During the last legs of their journey through the great mountain chain, the weather took a turn for the worse again and they soon found themselves in the middle of a snowstorm: an event which they were not prepared for and which sorely tested their endurance. The bitterly cold wind cut through them like a blade, penetrating all the way to their bones. No amount of clothing seemed to help. A dense sleet of piercing crystals fell as the wind whistled and moaned through the mountain gorges. Metellus and his men had to call on all their willpower and resolution so as not to succumb to the cold and their fatigue.

Dan Qing often seemed to be observing them with his oblique glance, and if someone had been able to decipher his expression they would have seen admiration for the perseverance demonstrated by the men of Taqin, for their stubborn determination to overcome the forces of nature.

Conditions continued to worsen. The cold became even more intense, until it froze their limbs and made it difficult to move at all. As they fought their way through the swirling snow, something darted in front of Dan Qing’s horse after a bend in the path. The animal reared up violently with a whinny of terror.
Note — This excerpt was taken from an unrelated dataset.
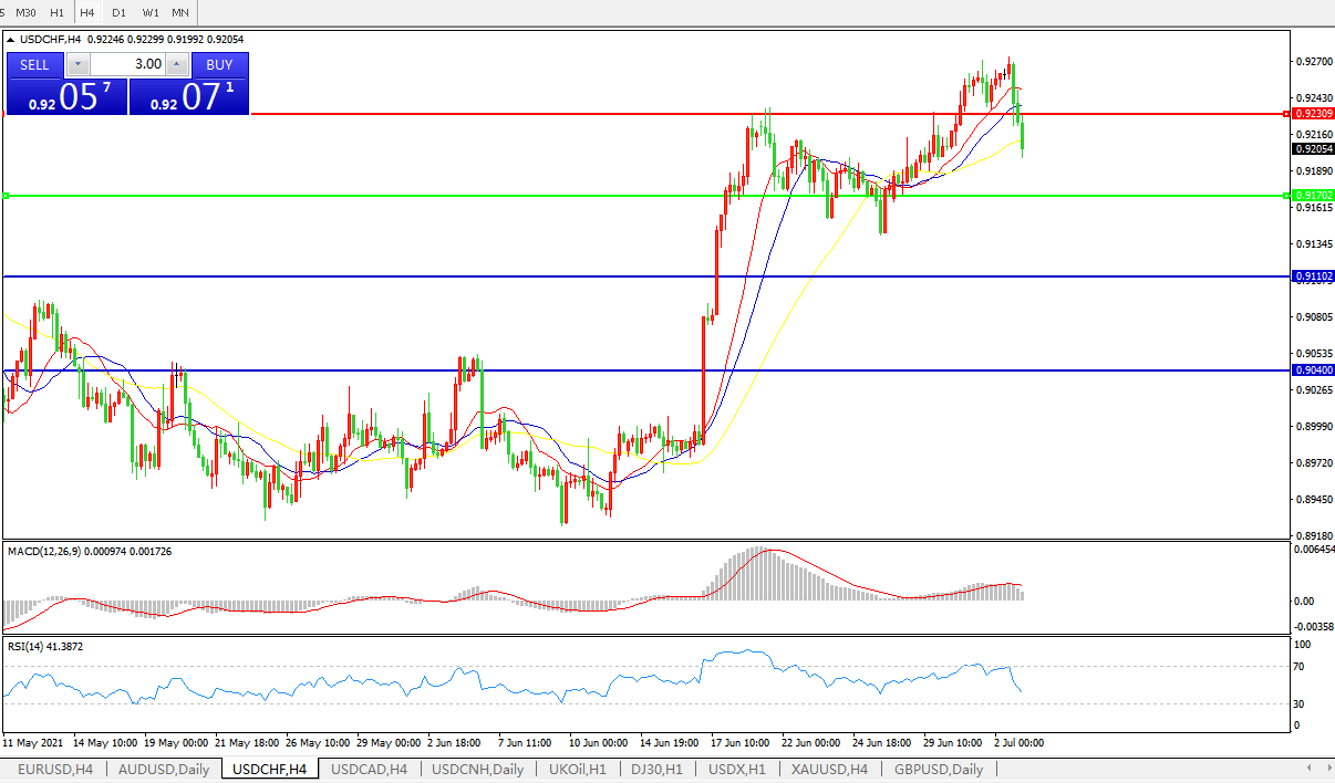 美元兑瑞郎USDCHF 4小时图:

The prince was completely taken by surprise and was thrown backwards as the horse fell over, the jaws of a white leopard deep in its flesh.

Dan Qing was pinned between his horse and the edge of the precipice; if he tried to free himself he would fall headlong below. In the meantime, the leopard had spotted him. Releasing the neck of the horse, which was in the throes of death, it lunged towards its human prey instead, baring bloody fangs and stretching out a clawed forepaw. Publius, who had been closest behind the prince, leapt forward and started waving his cloak in front of the beast’s face. The leopard, made bold by hunger, continued to roar menacingly and to swipe at those it imagined were after its prey. Publius was trying to draw his sword but it had frozen solid and would not budge from its sheath, as Balbus and Antoninus rushed over and managed to pull Dan Qing to safety. The leopard swiftly lashed out at Publius’s arm, sending him right over the side of the precipice.